• _Data for the task_

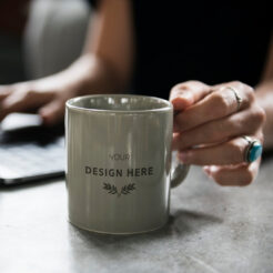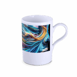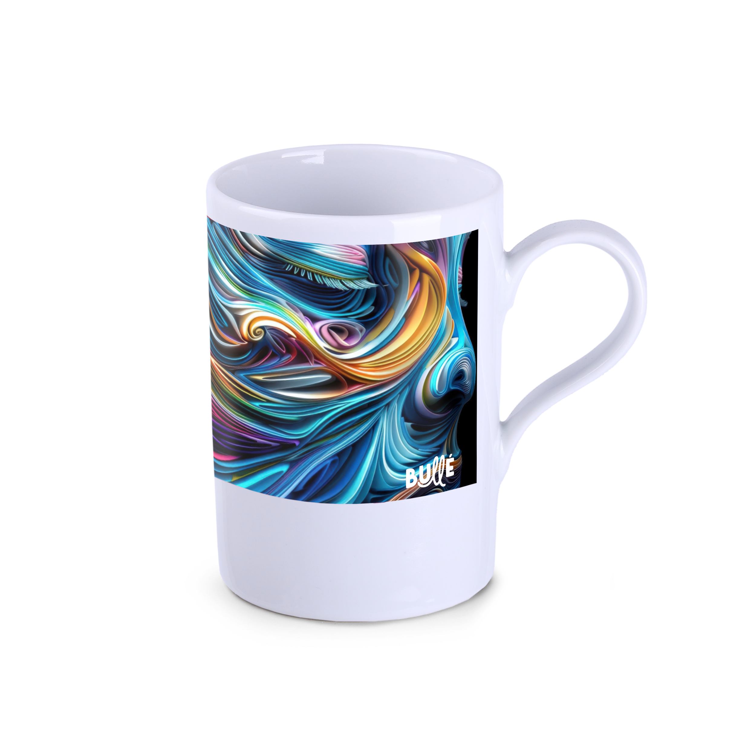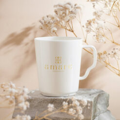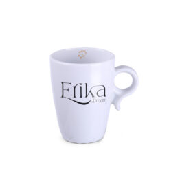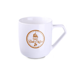 An interesting porcelain mug with a simple cylindrical shape. It has a fashionable, ergonomic handle. Produced in Europe.
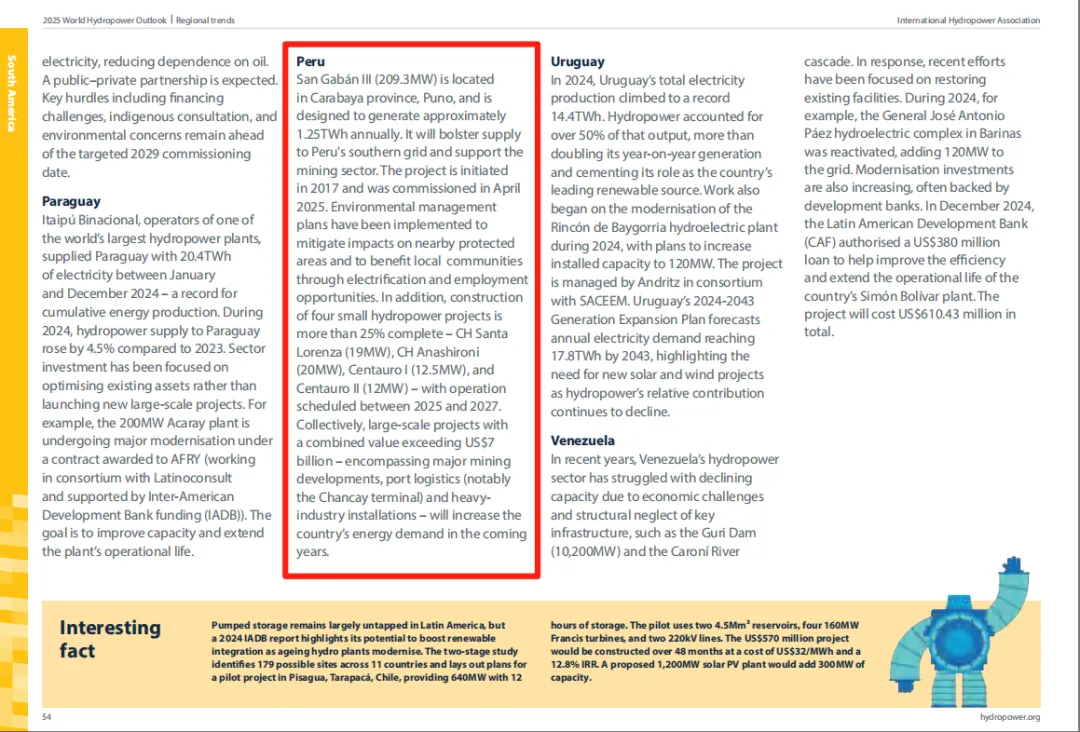 第五个就是报告第54页,在介绍秘鲁水电发展时,介绍了三峡集团秘鲁圣加旺Ⅲ水电站项目,该电站装机容量209.3MW,年发电量约12.5亿千瓦时,它将增强秘鲁南部电网的供电能力,并为矿业部门提供支持。该项目于2017年启动,2025年4月投入运营。
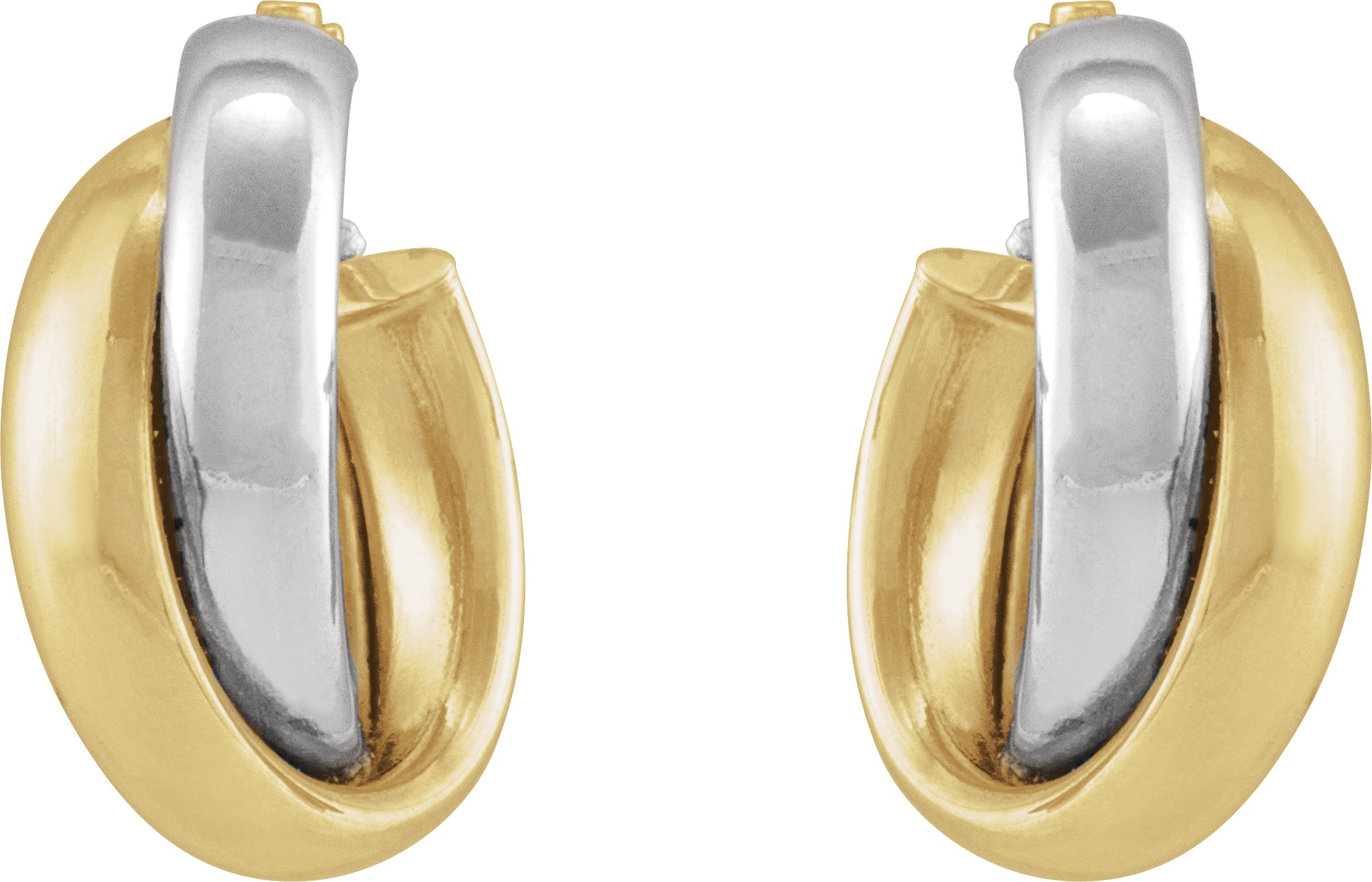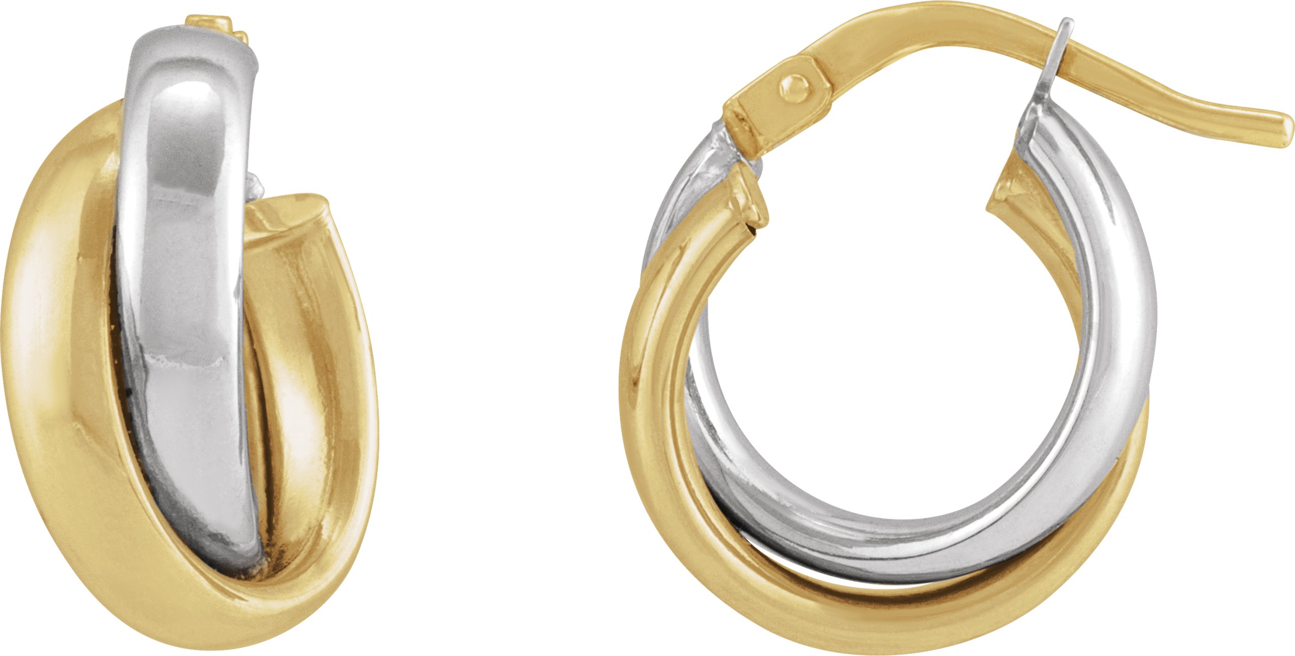 14K Yellow/White Double Tube 13 mm Hoop Earrings
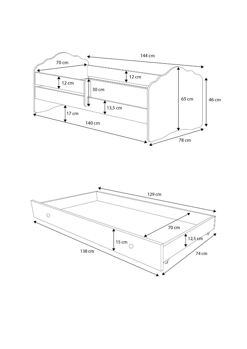 Postel s matrací, zábranou a šuplíkem CASIMO 140x70 Bílá
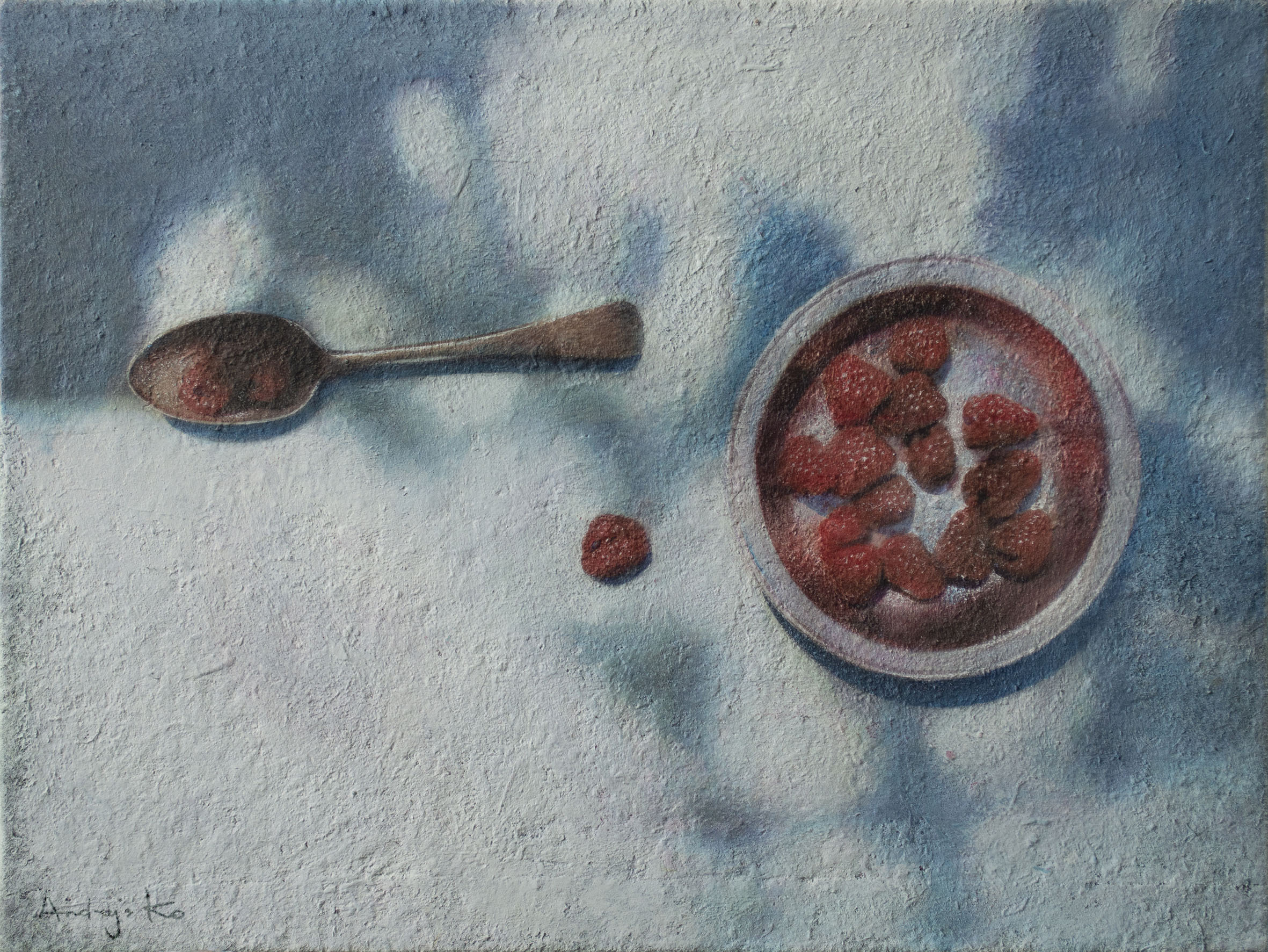 Выставка «Завтрак дрозда в солнечном саду» знакомит лишь с небольшой частью картин из серии 160 натюрмортов, созданных художником за последние два года. Новый цикл своих произведений Андрей Ко посвятил тёплым летним солнечным вечерам и свету утреннего солнца, скользящего вдоль неровных изгибов стен и предметов, прячущегося в листве деревьев и исчезающего в нежных полутонах где-то на границе с тенью. Старый чайник, серебряная ложечка, ягоды и фрукты словно забыты кем-то в саду или специально оставлены на радость голодным птицам.
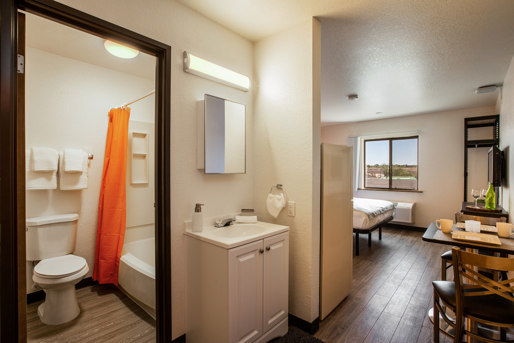 Siegel Select Albuquerque offers great apartment rentals near Downtown Albuquerque. We are close to many restaurants and schools like The University of New Mexico and Carrington College. Siegel Select offers standard & large studios and 1 & 2 bedroom apartment suites. First of all, each suite has great amenities! This includes flat screen TVs and Wifi access. Additionally, each suite has dressers and hanging closet space. Above all, our utilities and cable are included. Lastly, there is a laundromat onsite, though we also have housekeeping services available. Sparkling pool! Here at Siegel Select Albuquerque, we don't have any credit checks or long term leases. We have daily, weekly and monthly rates - call now for more information!
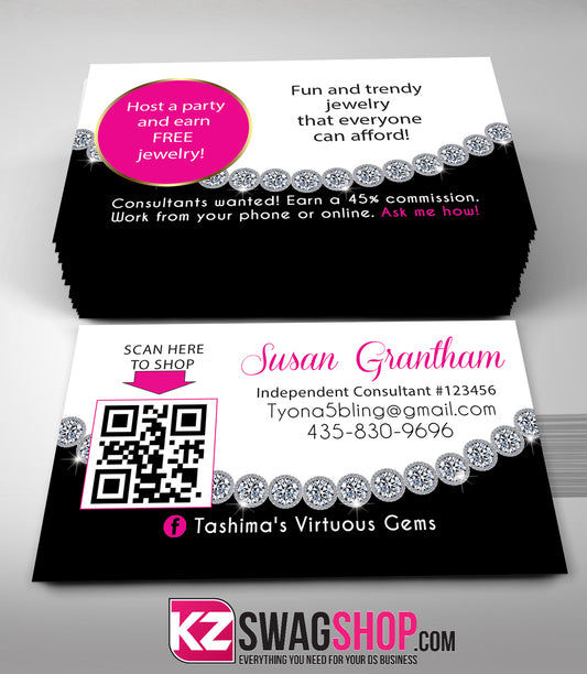 $8 Bling Jewelry Business Cards B&W Style 2 with QR CODE
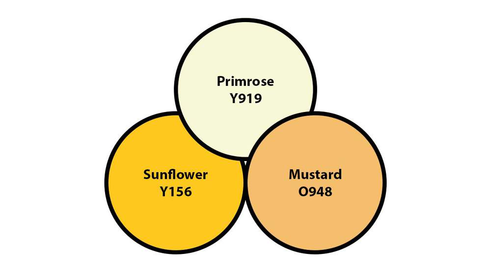 Sunflower (Y156), Primrose (Y919), Mustard (O948)
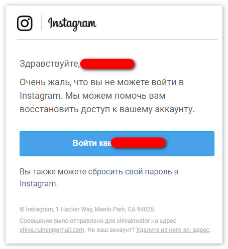 Теперь зайдите на почту — через компьютер или телефон. Откройте письмо, которое пришло от Instagram. Нажмите кнопку «Войти как @ваш_логин».
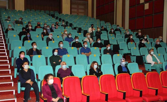 Konferans salonunda yapılan eğitime çok sayıda sağlık çalışanı katıldı.
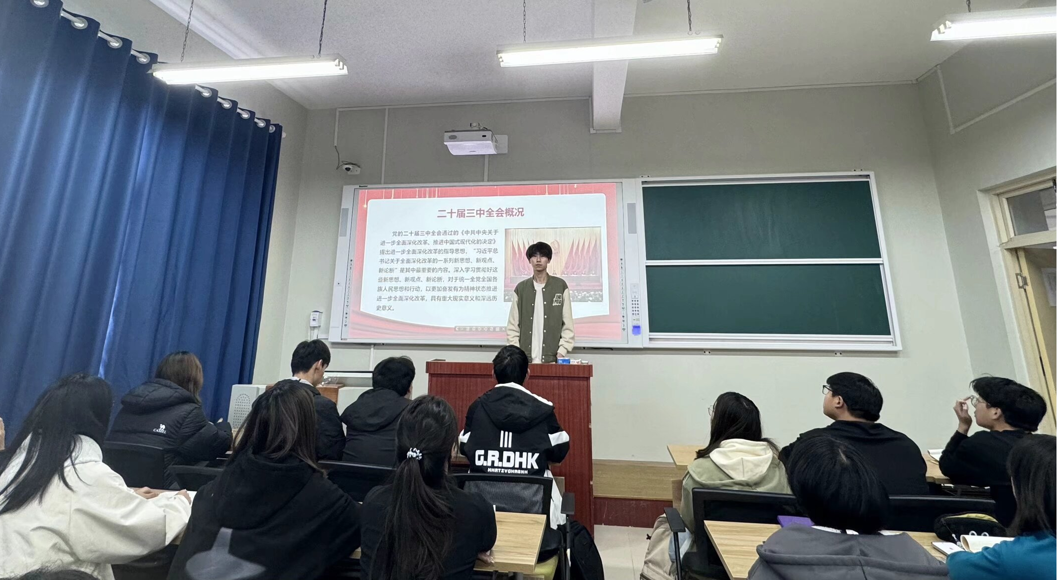 为深入学习贯彻党的二十届三中全会精神,推动全会精神入脑入心、见行见效,推进党的二十届三中全会精神宣讲工作落到实处,经济管理学院由领导班子成员、党支部书记、辅导员、班主任、学生干部组成宣讲队伍,深入班会、团课、宿舍、“一站式”学生社区开展党的二十届三中全会精神宣讲活动。

• _Task directions_
Beginning with the line that contains "Postel s matrací, zábranou", output every line down to the last line of the entries above exactly as written, apart from the pictures.

• _Task response_
 Postel s matrací, zábranou a šuplíkem CASIMO 140x70 Bílá
 Выставка «Завтрак дрозда в солнечном саду» знакомит лишь с небольшой частью картин из серии 160 натюрмортов, созданных художником за последние два года. Новый цикл своих произведений Андрей Ко посвятил тёплым летним солнечным вечерам и свету утреннего солнца, скользящего вдоль неровных изгибов стен и предметов, прячущегося в листве деревьев и исчезающего в нежных полутонах где-то на границе с тенью. Старый чайник, серебряная ложечка, ягоды и фрукты словно забыты кем-то в саду или специально оставлены на радость голодным птицам.
 Siegel Select Albuquerque offers great apartment rentals near Downtown Albuquerque. We are close to many restaurants and schools like The University of New Mexico and Carrington College. Siegel Select offers standard & large studios and 1 & 2 bedroom apartment suites. First of all, each suite has great amenities! This includes flat screen TVs and Wifi access. Additionally, each suite has dressers and hanging closet space. Above all, our utilities and cable are included. Lastly, there is a laundromat onsite, though we also have housekeeping services available. Sparkling pool! Here at Siegel Select Albuquerque, we don't have any credit checks or long term leases. We have daily, weekly and monthly rates - call now for more information!
 $8 Bling Jewelry Business Cards B&W Style 2 with QR CODE
 Sunflower (Y156), Primrose (Y919), Mustard (O948)
 Теперь зайдите на почту — через компьютер или телефон. Откройте письмо, которое пришло от Instagram. Нажмите кнопку «Войти как @ваш_логин».
 Konferans salonunda yapılan eğitime çok sayıda sağlık çalışanı katıldı.
 为深入学习贯彻党的二十届三中全会精神,推动全会精神入脑入心、见行见效,推进党的二十届三中全会精神宣讲工作落到实处,经济管理学院由领导班子成员、党支部书记、辅导员、班主任、学生干部组成宣讲队伍,深入班会、团课、宿舍、“一站式”学生社区开展党的二十届三中全会精神宣讲活动。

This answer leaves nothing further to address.